Here at the PMC we're in a bit of a quandry, namely, we can't decide which side we back in the American Civil War of 1861-65 we should back.

Now, on the surface, this should be a no brainer, right? The North, obviously, since they were abolitionists. On the other hand, the South had a cooler flag (latterly, I think the saltire-based design came in towards the end of the war), more balls, and the Dukes of Hazard (and Lynryd Skynryd) onside...

...anyway, since the war was resolved (on the side of the righteous) one hundred and forty five years ago now, it's fairly academic, but we're still wondering if any of our readers are faced with the same, "it's-obvious-whose-side-I-should-back-but-in-any -case-I-fancy-the-other-side" dilemma. Perhaps you secretly back the nazis, hoping their far cooler Stuka dive bombers, Tiger tanks and Nebelwerfer rocket launchers would put pay to those pesky Americans, Brits and Russians once and for all. Or maybe you really take pleasure from the British government forces' crushing of the Jacobites at Culloden. Or alternatively you revel in the Conquistadores atrocities, or think that Sadam Hussein's use of chemical weapons against the Kurds and the marsh Arabs were right to hold sway, whatever it is, we'd like to know..

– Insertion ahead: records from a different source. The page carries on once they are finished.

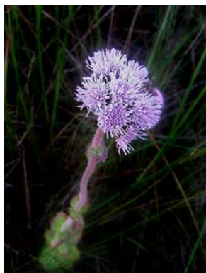
13 Barrosoa betonicaeformis
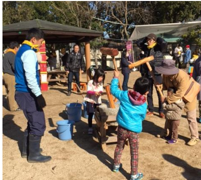
おばあちゃんと一緒に
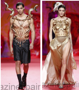
Görsel 20. https://www.vogue.com/fashion-shows/spring-2014-ready-to-wear/pedro-lourenco
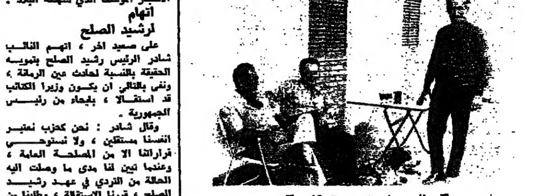
السيد في منزله (بدمشق)

السيد في منزله (بدمشق) السيد في منزله (بدمشق) السيد في منزله (بدمشق)
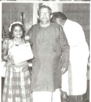
திருமுறை விழா 2017 இல் எடுக்கப்பட்ட படங்கள்
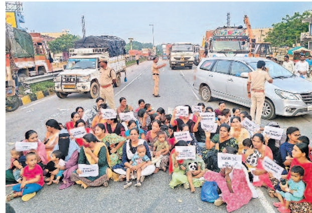
గద్వాల జిల్లా ఎర్రపల్లి మండలంలోని జాతీయ రహదారిపై పిల్లలతో కలిసి ధర్నా చేస్తున్న పదోబెటాయన్ సిబ్బంది భార్యలు

మేడ్చల్, అక్టోబర్ 24 (నమస్తే తెలంగాణ): కోర్టు వివాదంలో ఉన్న దాదాపు 20 ఎకరాల తమ భూమిని కబ్జాదారులతో కలిసి పోలీసులు బలవంతంగా లాగేసుకున్నారంటూ ఓ బాధితుడు ఆరోపించారు. కల్లాల దారులు, వారికి సహకరించిన పోలీసులపై చర్యలు తీసుకోవాలని రాచకొండ పోలీసు కమిషనర్ సుధీర్ బాబును కలిసినా ఫలితం లేకుండా పోయిందని వాపోయారు. కోర్టు ఆర్డర్ ఉంది కాబట్టి తామేమీ చేయలేమని, మాజీ ఎమ్మెల్యే మైనంపల్లి హనుమాంజుల కలవాలని సూచించారని పేర్కొన్నారు. రాచకొండ పోలీస్ కమిషనరేట్ పరిధిలో వెలుగు లోకి వచ్చిన ఈ భూమిలో సంవత్సరం బాధితుడు రాచకొండ వెళ్లి >7వ పేజీలో
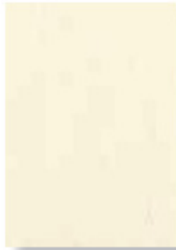
Bianco Panna 1321
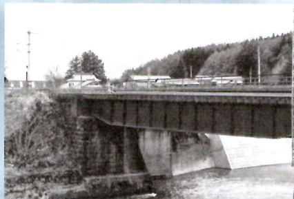
開業当初の面影を残す 鉄道遺構

現在はIGRいわて銀河鉄道として運行されている盛岡・目時間沿線には、今も現役の鉄道遺構が存在。 (右)松川橋梁 盛岡市 (左)第九馬淵川橋梁 二戸市
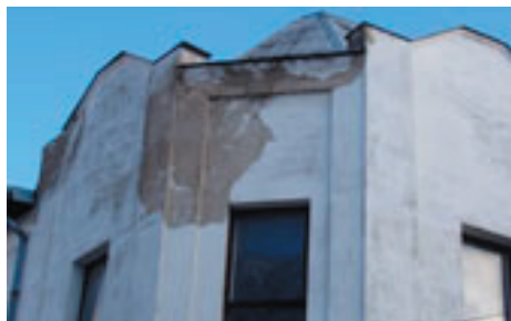
Kto uhradí spôsobené škody?

A tak nastal problém súdneho sporu či „budova v stave rozsiahlej rekonštrukcie je chápaná v zmysle zákona o majetku obcí pod pojmom nevyužívania na vyučovací proces s totožným sa len ako prerušenie vyučovania“.

...mark your entries 'The Side That I Secretly Back In a War That Has Long Since Been Resolved, Even Though I Know They Were The Baddies' and there might even be a prize in the offing, for the best entry, who knows...

Wednesday, September 29, 2010

Thought For The Day No. 38 - With The Rabbi Anders Weiss


...psychologist, spiritual guru and arbiter of good taste...

Just as a small fire is extinguished by the storm whereas a large fire is enhanced by it - likewise a weak faith is weakened by predicament and catastrophes whereas a strong faith is strengthened by them.